*WHAT YOU WILL DO*:
From the line below that contains "今日は那須塩原市内にあるドラ" to the line that contains "Очень красивый костюмный", repeat every line exactly, both ends included, and nothing else.

++++++

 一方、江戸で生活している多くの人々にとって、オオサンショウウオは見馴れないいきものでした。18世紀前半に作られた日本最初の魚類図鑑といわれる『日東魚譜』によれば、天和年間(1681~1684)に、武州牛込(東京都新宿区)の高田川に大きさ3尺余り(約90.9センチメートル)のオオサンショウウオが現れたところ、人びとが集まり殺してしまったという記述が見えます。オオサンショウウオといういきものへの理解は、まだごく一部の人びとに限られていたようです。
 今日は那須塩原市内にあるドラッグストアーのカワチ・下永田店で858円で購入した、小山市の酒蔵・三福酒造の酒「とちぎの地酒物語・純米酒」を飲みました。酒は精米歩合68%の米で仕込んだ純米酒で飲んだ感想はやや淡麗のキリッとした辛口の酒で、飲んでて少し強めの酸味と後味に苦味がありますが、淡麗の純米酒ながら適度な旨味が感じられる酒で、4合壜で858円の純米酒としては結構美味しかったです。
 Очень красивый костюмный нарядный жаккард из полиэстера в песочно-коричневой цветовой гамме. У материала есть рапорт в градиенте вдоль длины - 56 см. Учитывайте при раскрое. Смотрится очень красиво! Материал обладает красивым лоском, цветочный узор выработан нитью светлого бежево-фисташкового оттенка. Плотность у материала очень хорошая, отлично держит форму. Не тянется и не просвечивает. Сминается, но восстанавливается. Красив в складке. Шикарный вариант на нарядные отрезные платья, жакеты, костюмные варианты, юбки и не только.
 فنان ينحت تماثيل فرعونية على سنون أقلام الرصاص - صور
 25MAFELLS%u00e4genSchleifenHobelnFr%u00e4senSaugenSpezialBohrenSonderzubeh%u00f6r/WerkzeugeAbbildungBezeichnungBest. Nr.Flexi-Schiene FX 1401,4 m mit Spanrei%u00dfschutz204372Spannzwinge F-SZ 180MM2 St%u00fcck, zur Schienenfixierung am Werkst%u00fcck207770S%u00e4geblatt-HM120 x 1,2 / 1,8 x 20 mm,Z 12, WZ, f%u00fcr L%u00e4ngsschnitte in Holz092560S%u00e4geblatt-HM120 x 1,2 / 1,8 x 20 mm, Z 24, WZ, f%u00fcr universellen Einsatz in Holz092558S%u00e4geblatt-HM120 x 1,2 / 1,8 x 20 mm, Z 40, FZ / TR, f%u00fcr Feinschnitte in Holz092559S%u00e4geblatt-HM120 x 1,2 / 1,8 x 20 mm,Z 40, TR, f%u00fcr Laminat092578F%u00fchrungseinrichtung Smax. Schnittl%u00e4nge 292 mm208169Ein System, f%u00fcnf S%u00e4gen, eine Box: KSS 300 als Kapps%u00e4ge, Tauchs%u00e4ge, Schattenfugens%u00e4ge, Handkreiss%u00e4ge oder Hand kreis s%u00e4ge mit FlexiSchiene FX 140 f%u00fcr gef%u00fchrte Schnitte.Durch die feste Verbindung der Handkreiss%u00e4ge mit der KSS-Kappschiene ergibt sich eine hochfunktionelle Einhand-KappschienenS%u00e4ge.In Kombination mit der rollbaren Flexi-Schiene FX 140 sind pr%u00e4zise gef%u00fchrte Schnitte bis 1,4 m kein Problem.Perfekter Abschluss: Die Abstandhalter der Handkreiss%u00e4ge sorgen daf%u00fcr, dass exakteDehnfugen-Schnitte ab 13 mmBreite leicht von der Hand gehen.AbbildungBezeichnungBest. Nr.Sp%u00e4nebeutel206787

++++++

*PROBLEM SOLUTION*:
 今日は那須塩原市内にあるドラッグストアーのカワチ・下永田店で858円で購入した、小山市の酒蔵・三福酒造の酒「とちぎの地酒物語・純米酒」を飲みました。酒は精米歩合68%の米で仕込んだ純米酒で飲んだ感想はやや淡麗のキリッとした辛口の酒で、飲んでて少し強めの酸味と後味に苦味がありますが、淡麗の純米酒ながら適度な旨味が感じられる酒で、4合壜で858円の純米酒としては結構美味しかったです。
 Очень красивый костюмный нарядный жаккард из полиэстера в песочно-коричневой цветовой гамме. У материала есть рапорт в градиенте вдоль длины - 56 см. Учитывайте при раскрое. Смотрится очень красиво! Материал обладает красивым лоском, цветочный узор выработан нитью светлого бежево-фисташкового оттенка. Плотность у материала очень хорошая, отлично держит форму. Не тянется и не просвечивает. Сминается, но восстанавливается. Красив в складке. Шикарный вариант на нарядные отрезные платья, жакеты, костюмные варианты, юбки и не только.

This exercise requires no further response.